- [Problem statement] Reproduce the entries that follow precisely, setting aside any images.

(Dataset records)
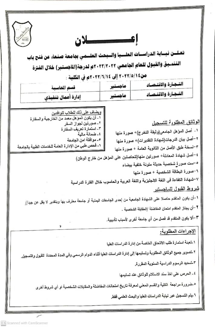 إعلان للدراسات العليا 2022-2023م
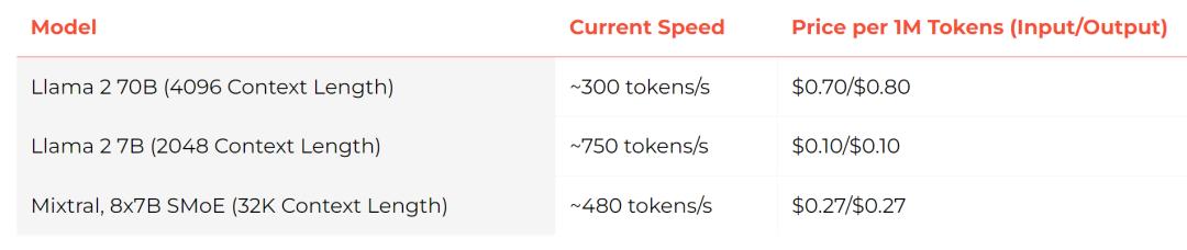 目前Groq支持api接入,一共提供了3个模型,分别是Llama 2 70B、Llama 2 7B 和Mixtral 8x7B SMoE。价格上,Groq也是相当便宜,Llama 2 70B输入和输出价格分别为0.7$/1000k tokens 和 0.8$/1000k tokens。价格方面,Groq保证,一定低于市面上同等价格。
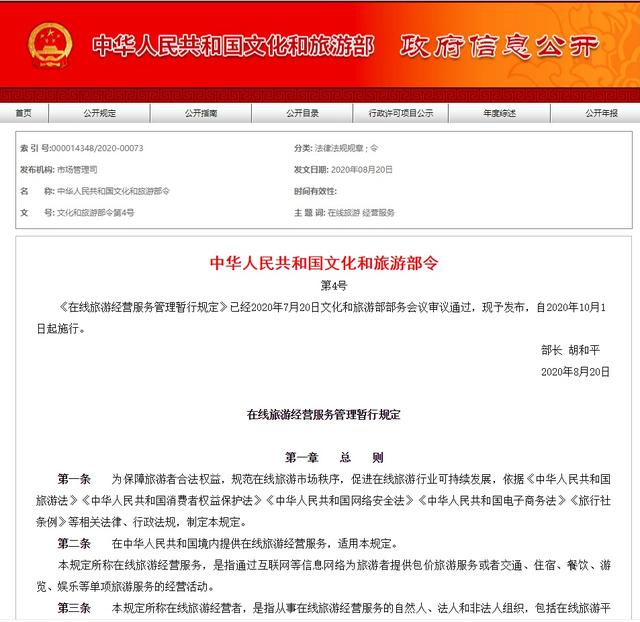 根据中国新闻网报道:8月31日,文化和旅游部公布《在线旅游经营服务管理暂行规定》,将于2020年10月1日起正式施行。
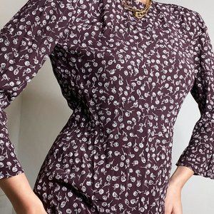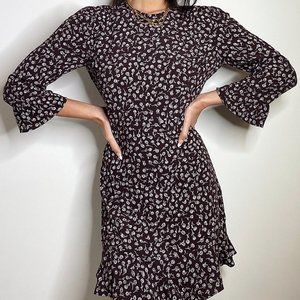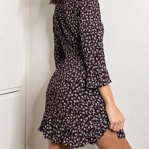 This is a tulip-sleeve mini dress with a ruffle hem. It's made from drapey fabric with a subtle pebbled texture. This version comes in an exclusive print designed in-house.
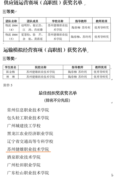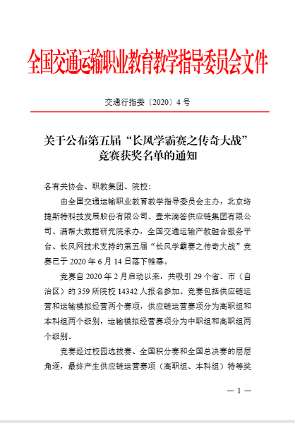 近日,由全国交通运输职业教育教学指导委员会主办,北京络捷斯特科技发展股份有限公司、壹米滴答供应链集团有限公司、满帮大数据研究院承办,全国交通运输产教融合服务平台、长风网提供技术支持的第五届“长风学霸赛之传奇大战”竞赛圆满落下帷幕,这是一次规模高、覆盖广的物流专业的线上大赛。在历时4个月的比赛中,商学院物流管理18、19级的同学们与来自全国29个省、市(自治区)的359所院校的14342名学生同场竞技,经过校园选拔赛、全国积分赛和全国总决赛的层层角逐,最终获得“供应链运营”三等奖两项、“运输模拟经营”三等奖两项,健雄学院也荣获最佳组织奖。
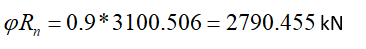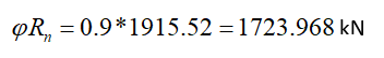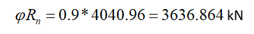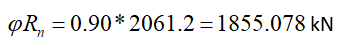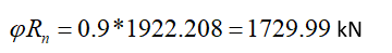1628.396 kN | 1848 kN | 0.881 | √ |
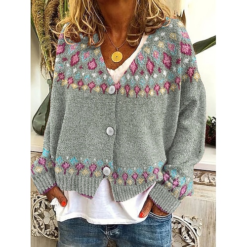 Per donna Felpa Cardigan Casual Morbido Geometrico Blocco di colori A Coste Scollo a V Lavorato a maglia Manica Lunga Top Regolari Maglia Natale All'aperto Quotidiano Rosa Verde scuro Autunno Inverno
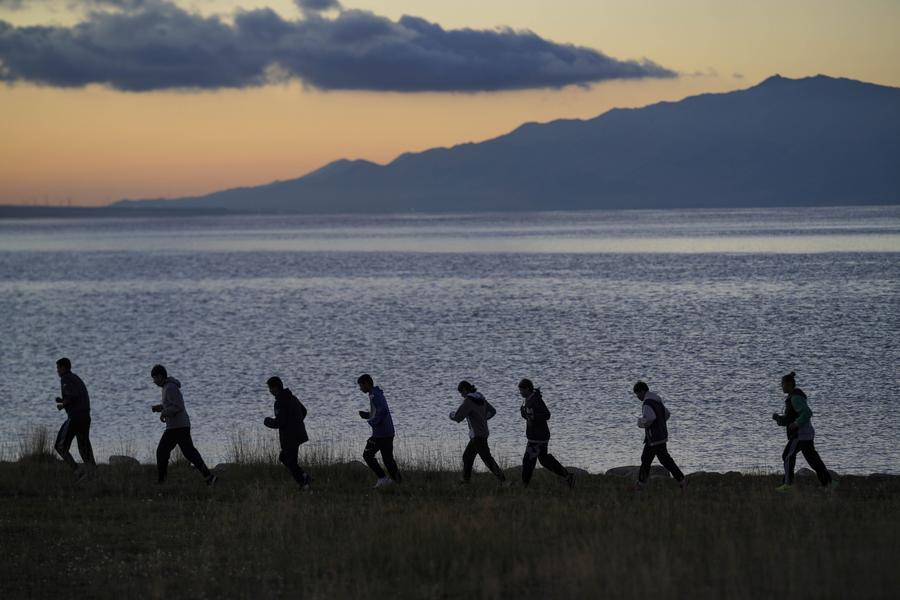 温泉县新疆残疾人中长跑训练基地的运动员在赛里木湖畔进行野外训练(2024年8月31日摄)。新华社记者 胡虎虎 摄

- [Response to this task]
 إعلان للدراسات العليا 2022-2023م
 目前Groq支持api接入,一共提供了3个模型,分别是Llama 2 70B、Llama 2 7B 和Mixtral 8x7B SMoE。价格上,Groq也是相当便宜,Llama 2 70B输入和输出价格分别为0.7$/1000k tokens 和 0.8$/1000k tokens。价格方面,Groq保证,一定低于市面上同等价格。
 根据中国新闻网报道:8月31日,文化和旅游部公布《在线旅游经营服务管理暂行规定》,将于2020年10月1日起正式施行。
 This is a tulip-sleeve mini dress with a ruffle hem. It's made from drapey fabric with a subtle pebbled texture. This version comes in an exclusive print designed in-house.
 近日,由全国交通运输职业教育教学指导委员会主办,北京络捷斯特科技发展股份有限公司、壹米滴答供应链集团有限公司、满帮大数据研究院承办,全国交通运输产教融合服务平台、长风网提供技术支持的第五届“长风学霸赛之传奇大战”竞赛圆满落下帷幕,这是一次规模高、覆盖广的物流专业的线上大赛。在历时4个月的比赛中,商学院物流管理18、19级的同学们与来自全国29个省、市(自治区)的359所院校的14342名学生同场竞技,经过校园选拔赛、全国积分赛和全国总决赛的层层角逐,最终获得“供应链运营”三等奖两项、“运输模拟经营”三等奖两项,健雄学院也荣获最佳组织奖。
1628.396 kN | 1848 kN | 0.881 | √ |
 Per donna Felpa Cardigan Casual Morbido Geometrico Blocco di colori A Coste Scollo a V Lavorato a maglia Manica Lunga Top Regolari Maglia Natale All'aperto Quotidiano Rosa Verde scuro Autunno Inverno
 温泉县新疆残疾人中长跑训练基地的运动员在赛里木湖畔进行野外训练(2024年8月31日摄)。新华社记者 胡虎虎 摄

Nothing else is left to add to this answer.